ASSIGNMENT >> The pictures get dropped, while every remaining part of the listing is copied exactly.

DATA BLOCK >>
=== Section Start ===

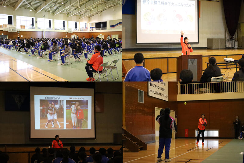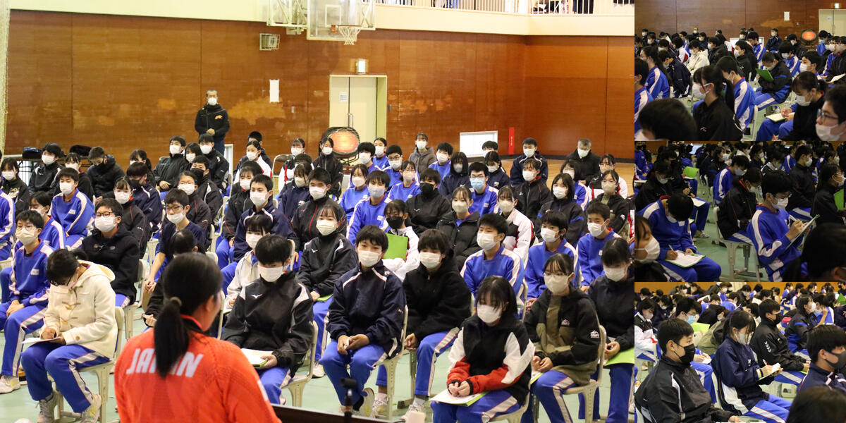 2022年12月7日 16時24分本日は、福島市の後援のもと、中学生ドリームチェレンジモデル事業「キャリア教育部門」~ソフトボール界のレジェンド 峰幸代さんに学びます~と題して2年生を対象として講演会を行いました。峰さんは、2008年北京五輪、2020年東京五輪で日本の2大会連続金メダル獲得した元日本代表です。
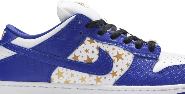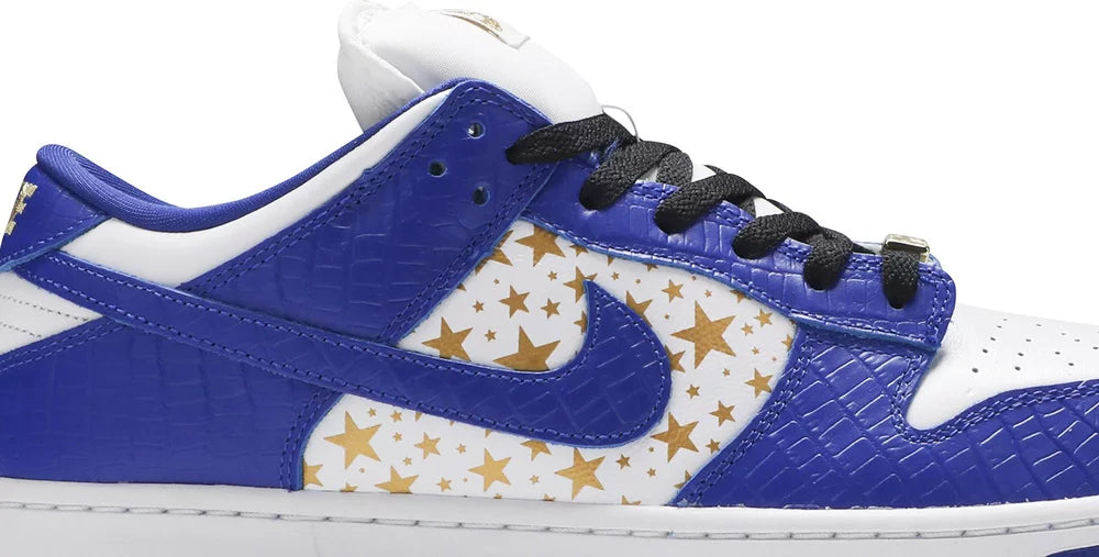 The Supreme x Nike Dunk Low OG SB QS ‘Hyper Royal’ takes direct inspiration from the New York skate brand’s Dunk High collaboration from 2003. Like the high-top, this pair features a white leather base with metallic gold stars on the quarter panels and croc-embossed leather overlays in a contrasting hue. A standard Nike wordmark is embroidered in gold lettering on the heel tab, matching the woven tag atop the stuffed textile tongue. A gold Supreme dubrae shines at the bottom of the lace bed. Lightweight cushioning is provided by a Zoom Air-infused sockliner, its crimson surface embellished with dual Supreme and Nike SB branding.
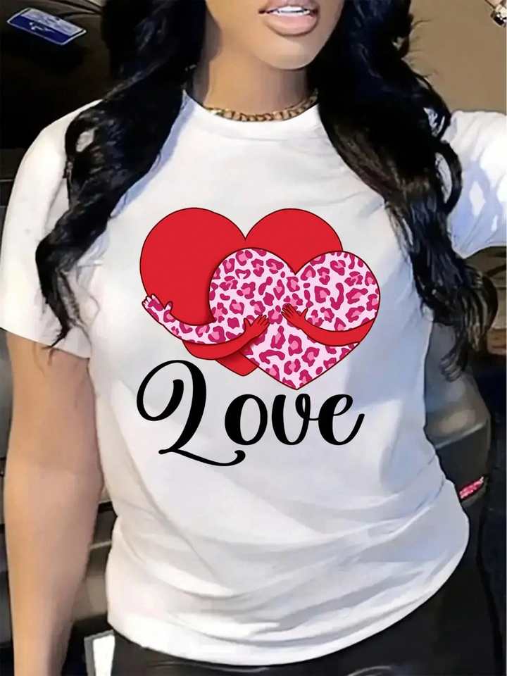 Women's Pink Leopard Print Heart Love T-Shirt Short Sleeve Round Neck Casual Top For Valentine's Day Gift With Bow Design
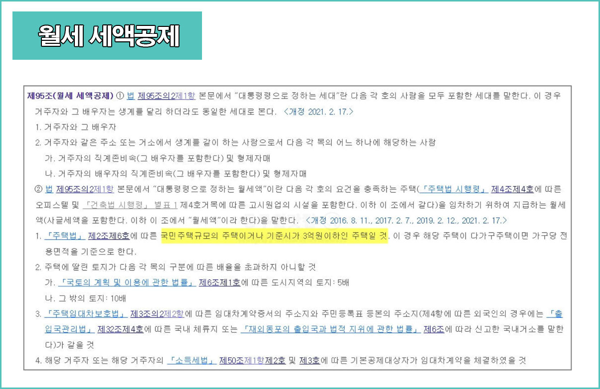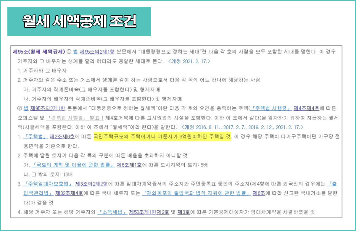 3. 주거용 오피스텔(2013.8.13. 이후 최초로 월세액을 지급하는 분부터 공제가능), 고시원(2017년 귀속 연말정산분부터 고시원에 대한 월세액도 요건을 충족하는 경우 공제가능)을 포함한 주택. 2019년부터는 국민주택규모(85㎡ 이하)의 주택이거나 기준시가 3억원 이하 (국민주택규모 초과 주택이더라도 기준시가 3억원 이하 주택 임차시에는 공제가 가능)

=== Section End ===

OUTPUT OF THE EXERCISE >>
 2022年12月7日 16時24分本日は、福島市の後援のもと、中学生ドリームチェレンジモデル事業「キャリア教育部門」~ソフトボール界のレジェンド 峰幸代さんに学びます~と題して2年生を対象として講演会を行いました。峰さんは、2008年北京五輪、2020年東京五輪で日本の2大会連続金メダル獲得した元日本代表です。
 The Supreme x Nike Dunk Low OG SB QS ‘Hyper Royal’ takes direct inspiration from the New York skate brand’s Dunk High collaboration from 2003. Like the high-top, this pair features a white leather base with metallic gold stars on the quarter panels and croc-embossed leather overlays in a contrasting hue. A standard Nike wordmark is embroidered in gold lettering on the heel tab, matching the woven tag atop the stuffed textile tongue. A gold Supreme dubrae shines at the bottom of the lace bed. Lightweight cushioning is provided by a Zoom Air-infused sockliner, its crimson surface embellished with dual Supreme and Nike SB branding.
 Women's Pink Leopard Print Heart Love T-Shirt Short Sleeve Round Neck Casual Top For Valentine's Day Gift With Bow Design
 3. 주거용 오피스텔(2013.8.13. 이후 최초로 월세액을 지급하는 분부터 공제가능), 고시원(2017년 귀속 연말정산분부터 고시원에 대한 월세액도 요건을 충족하는 경우 공제가능)을 포함한 주택. 2019년부터는 국민주택규모(85㎡ 이하)의 주택이거나 기준시가 3억원 이하 (국민주택규모 초과 주택이더라도 기준시가 3억원 이하 주택 임차시에는 공제가 가능)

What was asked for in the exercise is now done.